◆ **SOURCE DATA**
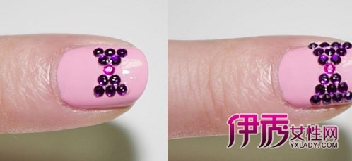 STEP4:粉色的食指指甲上,用水钻粘出蝴蝶结的形状。
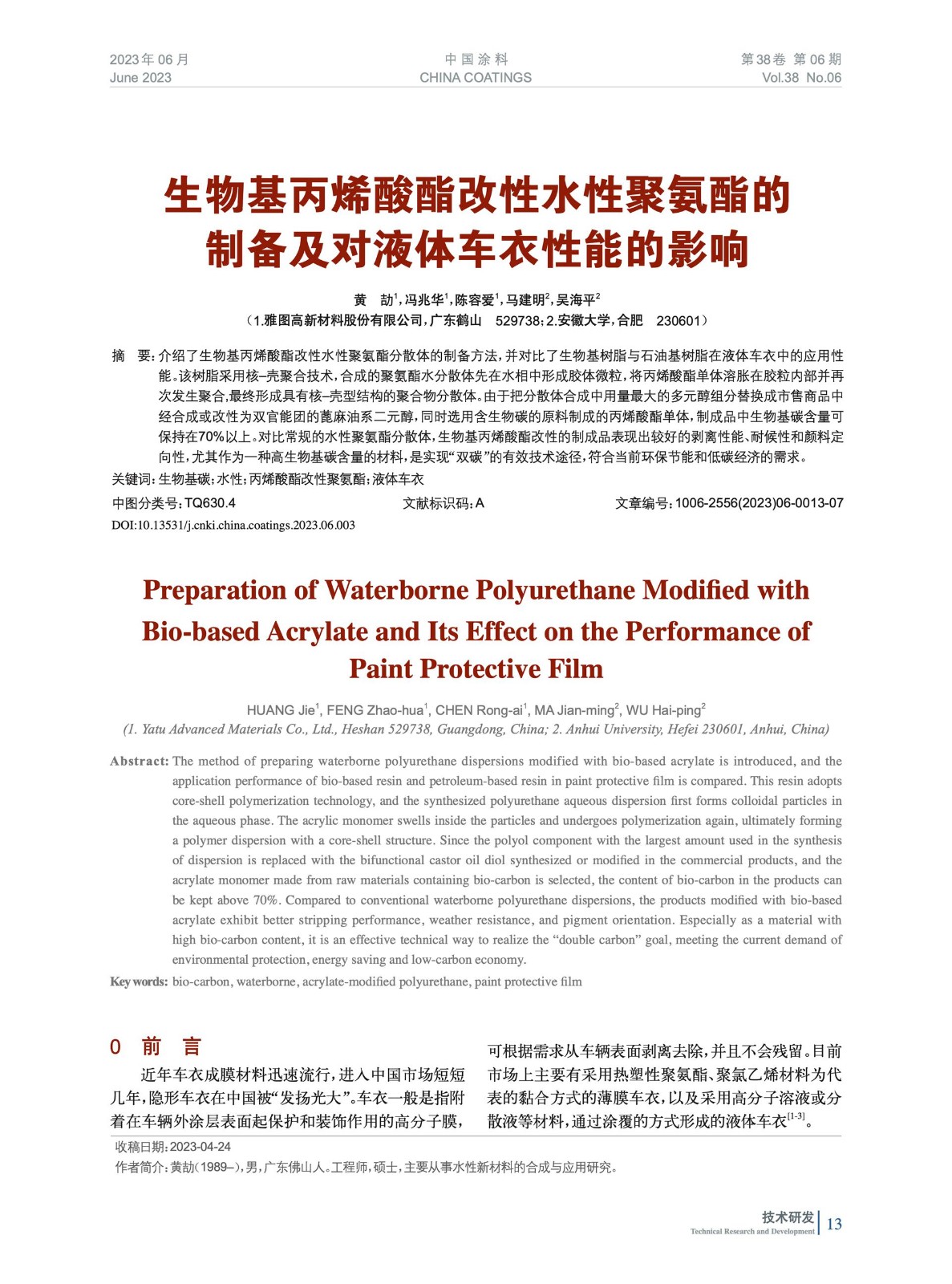 發表于2023-10-23 16:35:24| 次閱讀| 來源中國涂料| 作者黃 劼,馮兆華,陳容愛,馬建明,吳海平
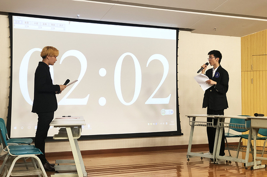 本次比赛共评出特等奖1组,一等奖1组,二等奖2组,三等奖6组,“最佳辩手”1名。其中,廖天翼、商晓彤、周芸雯三位同学组成的队伍获得特等奖。而廖天翼与彭畅则因票数相同进入加时赛角逐“最佳辩手”,巅峰对决引得台下观众掌声不断。最终,廖天翼同学获得“最佳辩手”称号。
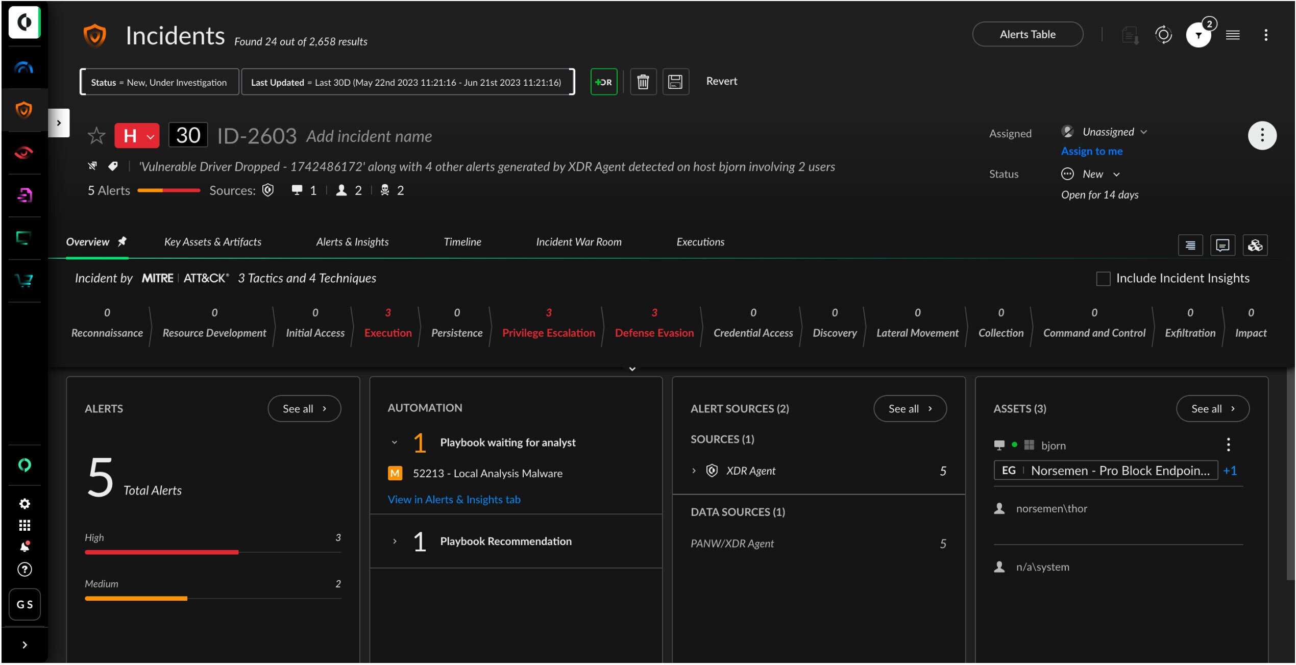 Abbildung 6: Mit MITRE ATT&CK-Schemata, zugehörigen Alarmen, Playbook-Status, Alarmquellen und Artefakten erhalten Sie einen tieferen Kontext zu Vorfällen
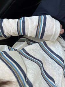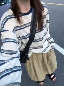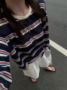 【工厂现货】复古圆领撞色长袖条纹t恤女薄宽松慵懒百搭防晒罩衫
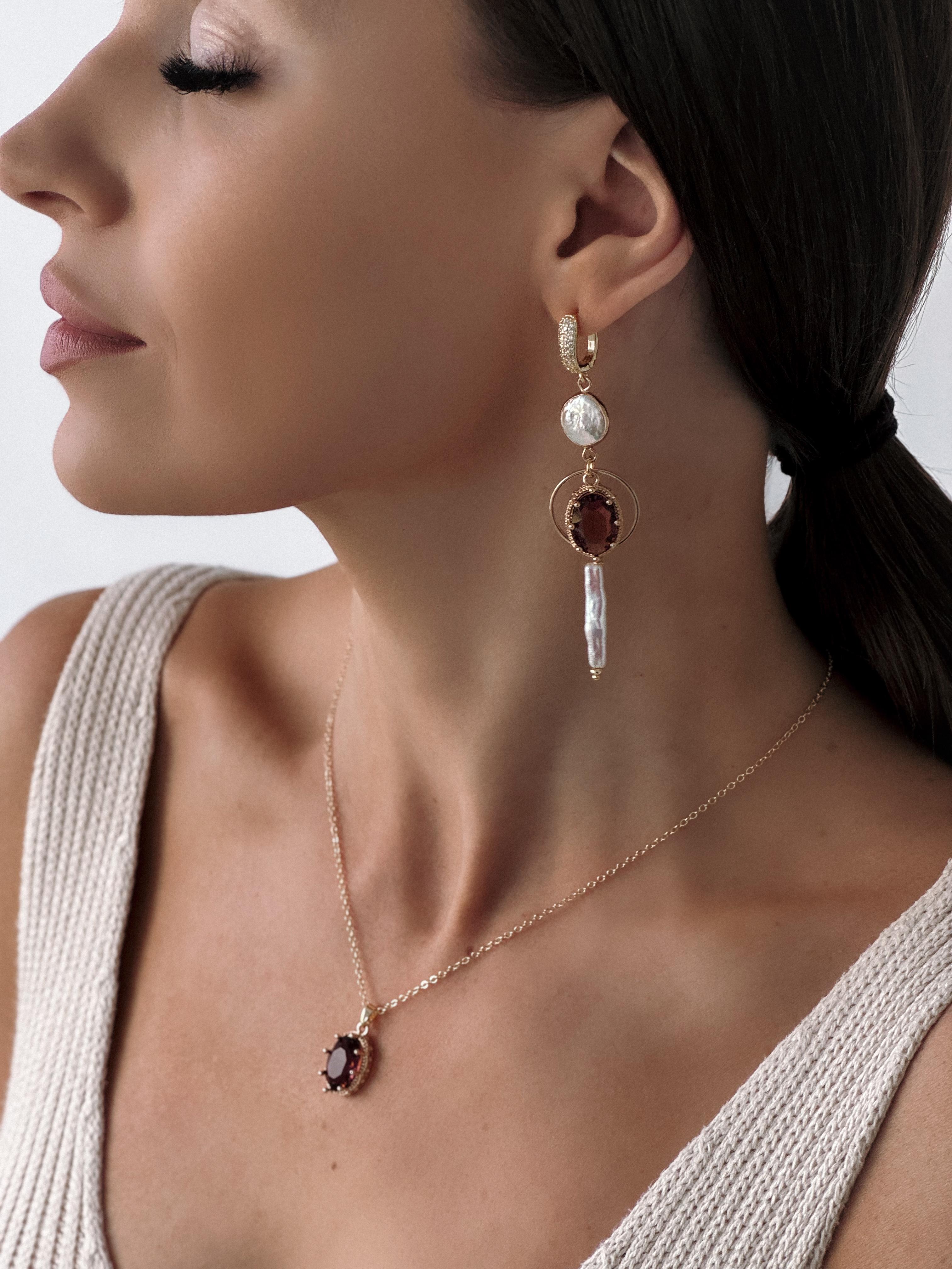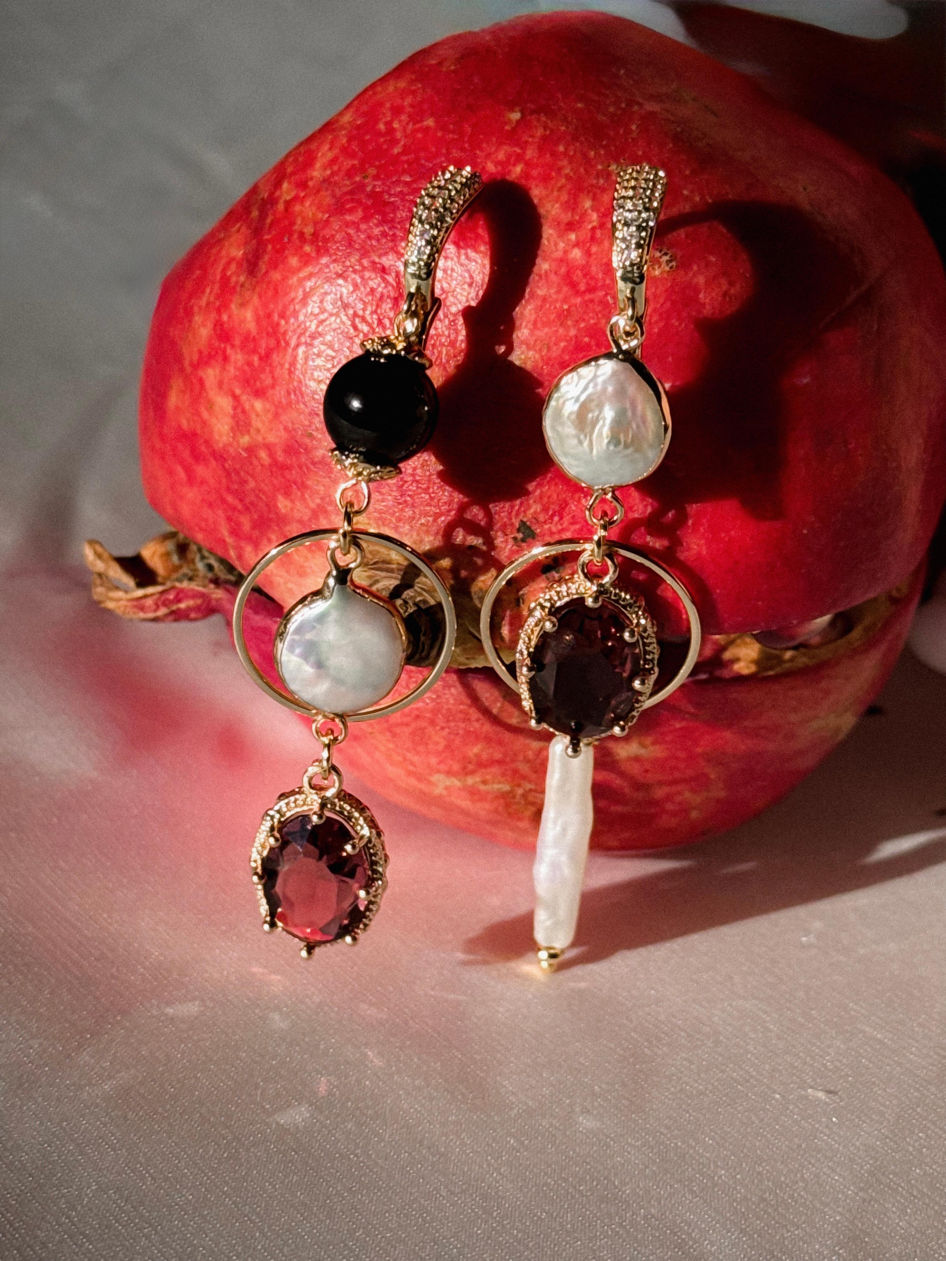 Элегантные серьги привлекают внимание и создают эффектный и притягательный образ. Асимметрия добавляет динамики, а сочетание нескольких материалов подчеркивает многообразие вашего внутреннего мира. Материалы: Натуральный культивированный жемчуг, натуральный гранат, ювелирные кристаллы. Фурнитура из латуни покрыта золотом. Длина: 7,5см и 8,5см.
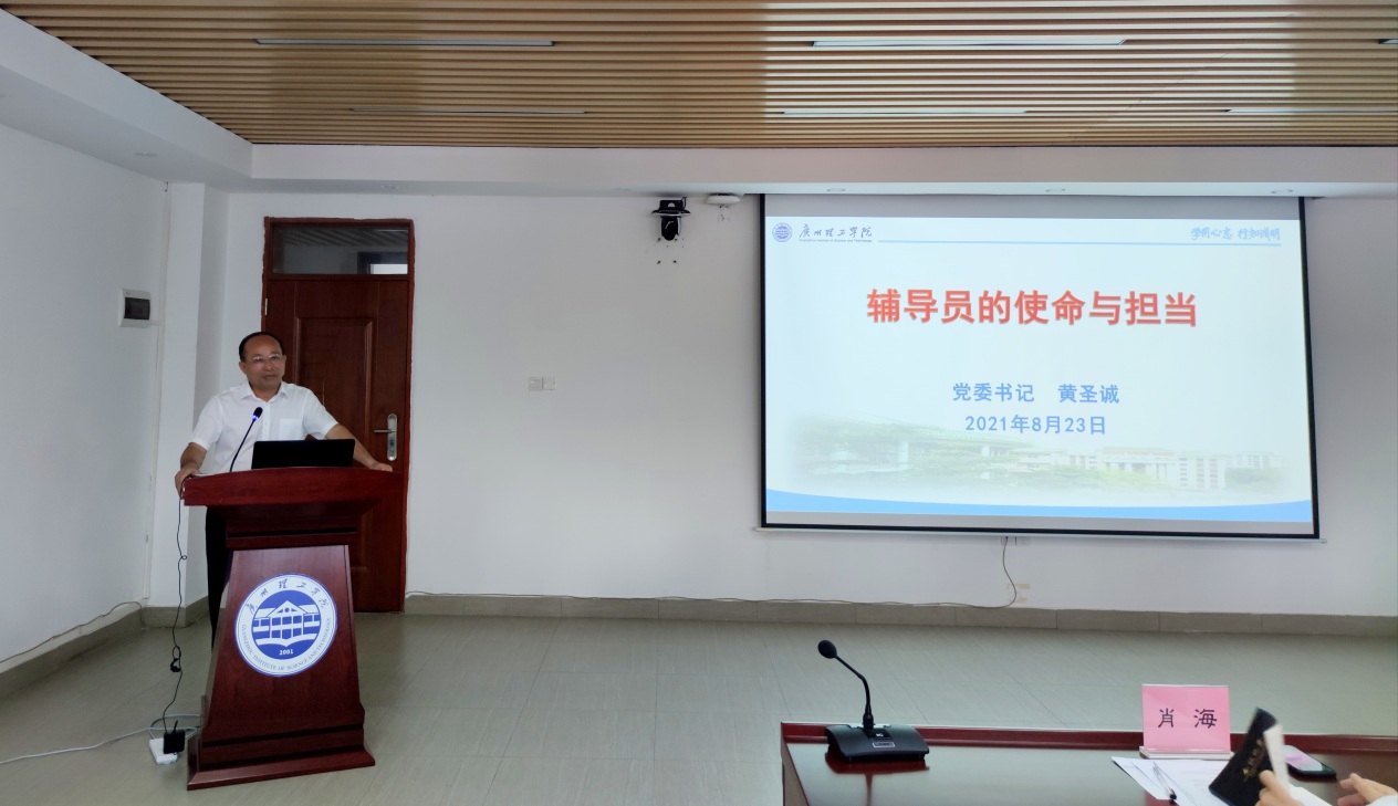 党委书记黄圣诚为本期培训班的开班作了动员报告,同时作了《辅导员的使命与担当》专题辅导报告。他告诫每一位辅导员:肩上的担子是沉甸甸的,要坚持落实“立德树人”根本任务,全员全过程全方位育人,辅导员既是联络员,又是指挥员和战斗员。要正确引导学生认识世界、全面了解国情、把握时代大势,提高分析问题、明辨是非和价值判断能力;引导学生矢志不渝听党话、跟党走,把个人理想与国家发展、民族命运结合起来,争做社会主义合格建设者和可靠接班人。他对新入职辅导员提出了六点要求:一是要用习近平新时代中国特色社会主义思想武装头脑,铸魂育人;二是要时刻绷紧意识形态工作这根弦;三是要敬业爱生;四是要矢志不渝;五是要终身学习;六是要讲究工作方式方法。

◆ **WHAT IS REQUIRED**
Retype the records exactly. Any image in them should not appear in what you write.

◆ **SOLUTION TO THE PROBLEM**
 STEP4:粉色的食指指甲上,用水钻粘出蝴蝶结的形状。
 發表于2023-10-23 16:35:24| 次閱讀| 來源中國涂料| 作者黃 劼,馮兆華,陳容愛,馬建明,吳海平
 本次比赛共评出特等奖1组,一等奖1组,二等奖2组,三等奖6组,“最佳辩手”1名。其中,廖天翼、商晓彤、周芸雯三位同学组成的队伍获得特等奖。而廖天翼与彭畅则因票数相同进入加时赛角逐“最佳辩手”,巅峰对决引得台下观众掌声不断。最终,廖天翼同学获得“最佳辩手”称号。
 Abbildung 6: Mit MITRE ATT&CK-Schemata, zugehörigen Alarmen, Playbook-Status, Alarmquellen und Artefakten erhalten Sie einen tieferen Kontext zu Vorfällen
 【工厂现货】复古圆领撞色长袖条纹t恤女薄宽松慵懒百搭防晒罩衫
 Элегантные серьги привлекают внимание и создают эффектный и притягательный образ. Асимметрия добавляет динамики, а сочетание нескольких материалов подчеркивает многообразие вашего внутреннего мира. Материалы: Натуральный культивированный жемчуг, натуральный гранат, ювелирные кристаллы. Фурнитура из латуни покрыта золотом. Длина: 7,5см и 8,5см.
 党委书记黄圣诚为本期培训班的开班作了动员报告,同时作了《辅导员的使命与担当》专题辅导报告。他告诫每一位辅导员:肩上的担子是沉甸甸的,要坚持落实“立德树人”根本任务,全员全过程全方位育人,辅导员既是联络员,又是指挥员和战斗员。要正确引导学生认识世界、全面了解国情、把握时代大势,提高分析问题、明辨是非和价值判断能力;引导学生矢志不渝听党话、跟党走,把个人理想与国家发展、民族命运结合起来,争做社会主义合格建设者和可靠接班人。他对新入职辅导员提出了六点要求:一是要用习近平新时代中国特色社会主义思想武装头脑,铸魂育人;二是要时刻绷紧意识形态工作这根弦;三是要敬业爱生;四是要矢志不渝;五是要终身学习;六是要讲究工作方式方法。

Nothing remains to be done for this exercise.